The outcomes of this expense are only a marginal reduction in crime, reduced earnings for the convicted, and a high likelihood of formerly incarcerated individuals returning to prison.
The value citizens place on the small increases in deterrence is difficult to quantify, but as a matter of logic it must be substantial to merit incurring the measured costs.

Posted by: moshopino | Jul 13, 2022 3:35:37 PM

The direct governmental cost of our corrections and criminal justice system was $295.6 billion in 2016, according to the Bureau of Justice Statistics.[1] With more than 2.2 million people incarcerated, this sum amounts to nearly $134,400 per person detained.

Roughly half of these funds—$142.5 billion—are dedicated to police protection. The next largest share of this expense—$88.5 billion—is the cost of operating the nation’s prisons, jails, and parole and probation systems. The remainder—$64.7 billion—is spent on the judicial and legal systems.[2] As shown in the following chart, local governments pay more than half of the total costs—mostly for policing, while the federal government pays just one-sixth.[3] States spend the most on corrections, a reflection of the fact that nearly 60 percent of all detainees (1.3 million people) are held in state prisons

Posted by: خرید ساعت اینویکتا | Jul 13, 2022 3:37:28 PM

A study by the Brookings Institution found that only 55 percent of former prisoners had any earnings in the year following release, and of those, only 20 percent (or 11 percent of the total) earned more than the federal minimum wage (roughly $15,000).
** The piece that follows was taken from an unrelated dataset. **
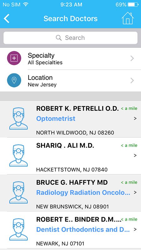 Another useful feature in GenieMD app is providers & facilities finder that allows users to look up physicians, pharmacies, and hospitals in their local area.

While these figures largely reflect the experiences of individuals prior to their time in prison, as noted here, another study found at least a 24 percentage-point drop in employment among those who were steadily employed before being incarcerated for a year or more. Further, the aggregate figures obscure distinctions, and there are stark racial differences in the likelihood of being unemployed, as shown in the chart below. The greatest difference in post-incarceration unemployment rates compared to the general population is for Black women—a difference of 37.2 percent. White men faced the weakest incarceration penalty with a difference of 14.1 percent

Posted by: خرید ساعت | Jul 13, 2022 3:39:11 PM

So, what should we spend on incarceration? The amount actually spent is insignificant. The important number is what you are willing to spend.

But you both miss the point. What about the cost of not incarcerating people? If someone steals a $30,000 Lexus, is that added up by anyone for the cost of not incarceration? Lost work for victims of crime?

Why is only one side of the equation solved?

Answer: Because the pro-criminal bar and academia would find it inconvenient.